Task objective: Please set down the lines of the listing exactly, from its first line to the line with "Adjective for rocks", leaving the pictures out.

Data:
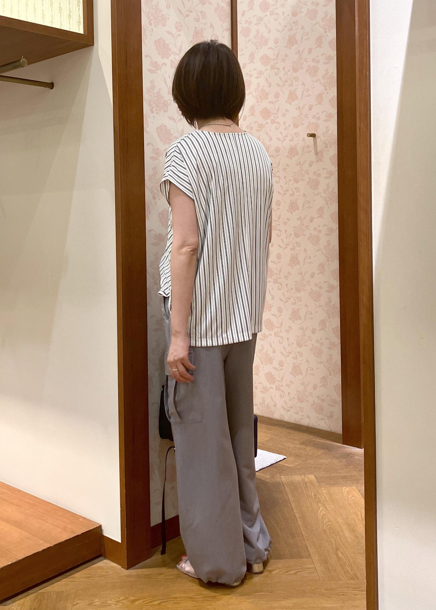 Vネックは深くないので、インナーが見えないくらいの着丈です。
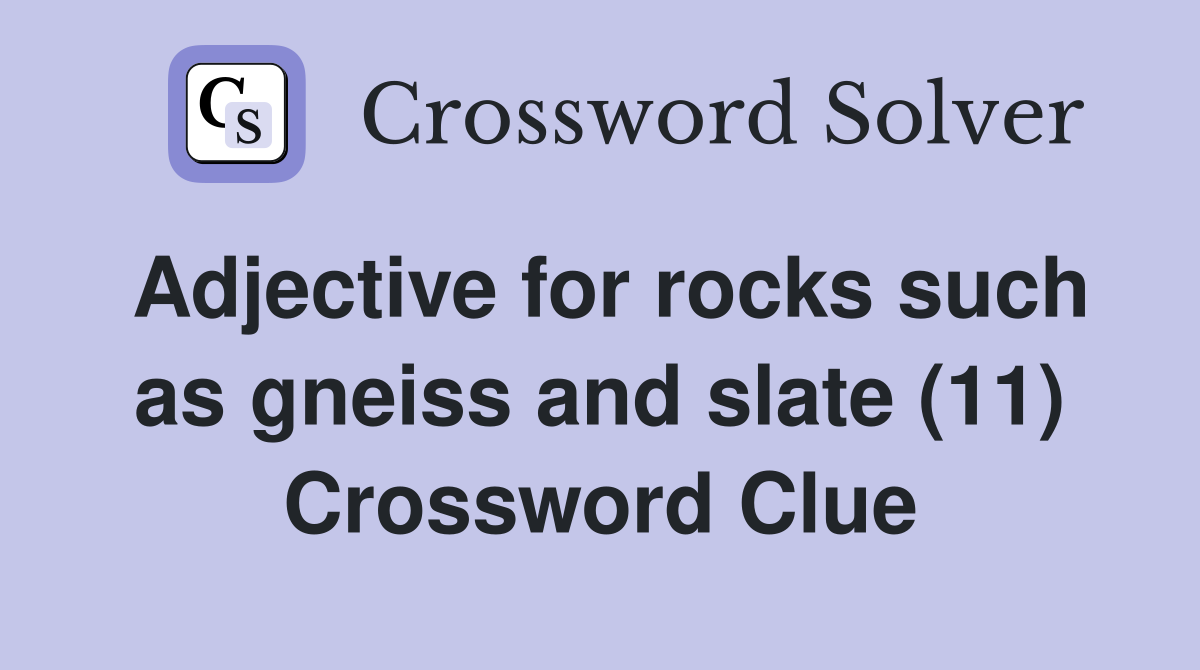 Adjective for rocks such as gneiss and slate (11) Crossword Clue
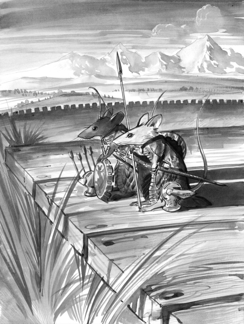 The ceremony to decorate me with that medal came right after that, which I felt was weird, but I liked everyone clapping and chirping for me. Everyone seemed to like me again. I had gotten back my honor to some degree, bestowed upon me by King BJ, Nemo, and my beloved master. It was a high point in my life, and they called me smart in front of everyone. BJ even said "Not crazy. Smart! Smarter than any of us have been," as he put the medal around my neck and pinned the smaller representation onto my tunic. I loved what he said, the pride in his face and the look of delight in my master's eyes. I painted a mouse hopping out of a box on the inside of my shield and armor. Scratchy watched me do it with great interest. I could tell he wanted a medal very badly.
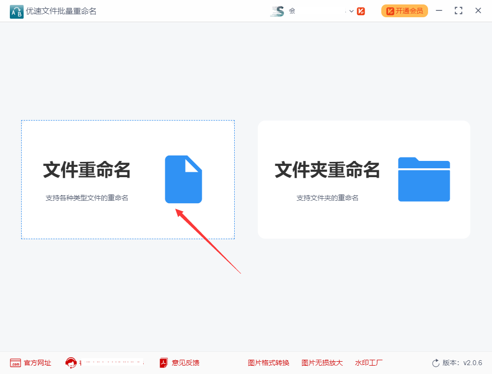 第1步,在电脑上下载“优速文件批量重命名”软件工具后安装,安装完成后打开使用,点击软件首页界面上的【文件重命名】选项进入内页,再进行下一步操作。

Output:
 Vネックは深くないので、インナーが見えないくらいの着丈です。
 Adjective for rocks such as gneiss and slate (11) Crossword Clue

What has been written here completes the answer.